Just a few days ago we told you General Motors would be looking to build more and more cars overseas as part of its restructuring plans, and that China was one of the first places they'd look. Today news that GM will in fact be bringing Chinese cars to the U.S. has begun to trickle out into the open.

Finding ways to get cars to market with less expense and more profitability is the name of the game, and with the U.S. federal government driving a hard bargain behind the scenes, GM's decision to go to China for its low-cost, high-volume vehicles makes sense.
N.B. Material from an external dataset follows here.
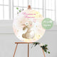 Кръгла табела за погача с мече в розово, е чудесен начин да посрещнете своите гости и да им благодарите за споделения с Вас ден! Може да бъде персонализирана за всяко друго тържество.

Initially, however, the number of cars coming out of China will be a tiny drop in a very large bucket - only about 17,000 cars will be coming in 2011, the first year of their sale here, reports Automotive News. By 2014 that number will triple to over 51,000, but that's still just a small fraction of GM's annual sales totals in the U.S. These figures come out of a planning document being distributed to U.S. legislators.

The idea of a Chinese-made car might be off-putting to some U.S. buyers, but those same buyers would do well to evaluate what else in their daily lives is made in and imported from China. Given the nature of the U.S. economy, it's likely that a majority, or at least a significant minority, of the products in any given household have their origins in China.
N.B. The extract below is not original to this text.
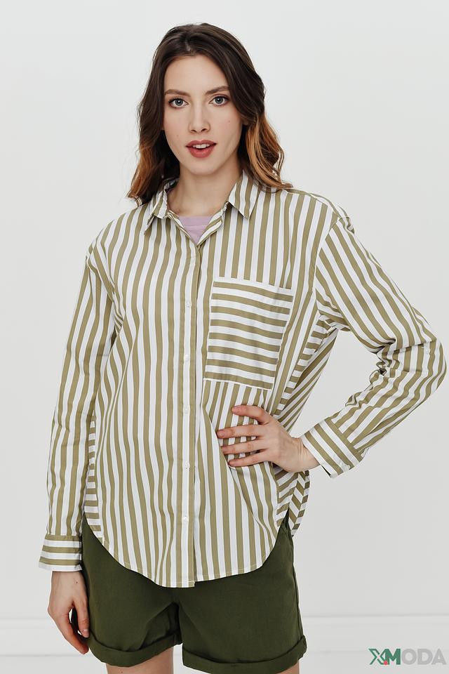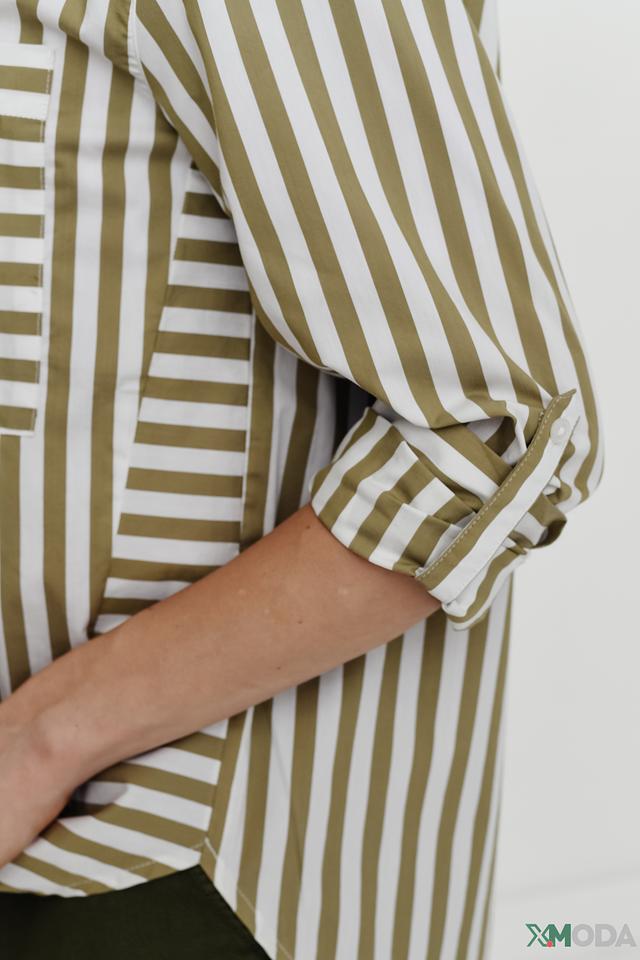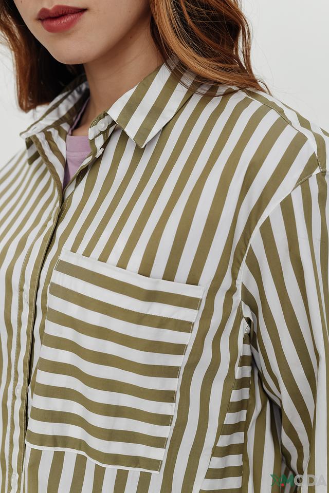 Основной цвет рубашки – сочетание зелёного и белого в вертикальную полоску. На груди расположена накладная деталь в полоску, добавляющая оригинальности дизайну. Рубашка застегивается на пуговицы.

Those products, driven by consumer demand, ostensibly combine a good blend of low cost and high value, so why not apply the same process to cars?

The UAW, meanwhile, is not happy with the decision, saying, "GM should not be taking taxpayers' money simply to finance the outsourcing of jobs to other countries," in a letter penned by legislative director Alan Reuther. The point is a valid one, and one likely to resonate with the American public as well.
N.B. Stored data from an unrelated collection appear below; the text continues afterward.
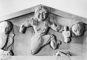 The central figure, enlarged in scale to fill the triangular shape of the pediment, aggressively lunging towards us, is Medusa, undercut as to be almost three-dimensional.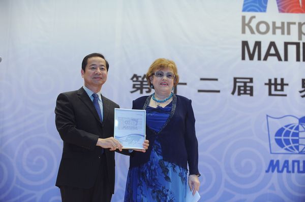 闭幕式由上海外国语大学俄语系主任章自力主持。首先,世界俄语学会会长维尔比茨卡娅登台做本次大会学术总结报告。她说,第十二届世界俄语大会共设15个专题,举行了35场学术讨论会,此外还举行了6场圆桌会议。与会者就语言政策、语言历史、现代俄语、教学法、俄罗斯文学、俄罗斯文化、跨语言及跨文化交际等问题进行了富有成效的探讨。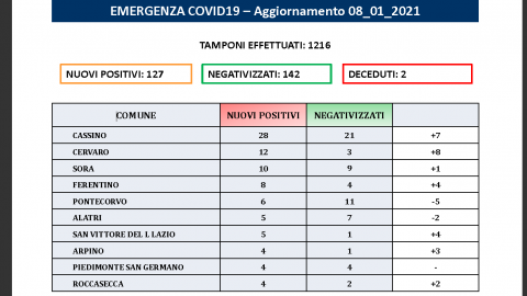 Altri 127 contagi al Covid 19 in Ciociaria su 1216 tamponi processati. Il tasso di positività è al 10,4%. Ci

Along with the rise in Chinese-made vehicles for U.S. sale, Mexican-made cars and trucks would increase significantly as well, from the current 317,000 to 501,000 by 2014, while cars made in South Korea for the American market would increase almost five-fold from 36,000 to 157,000 by 2014.

Which cars will be made in China isn't yet clear, but given the Chinese market's affinity for the Buick brand, it might make sense to leverage that into a production run that could satisfy both the American market and the rapidly expanding Chinese market with a car like the new LaCrosse.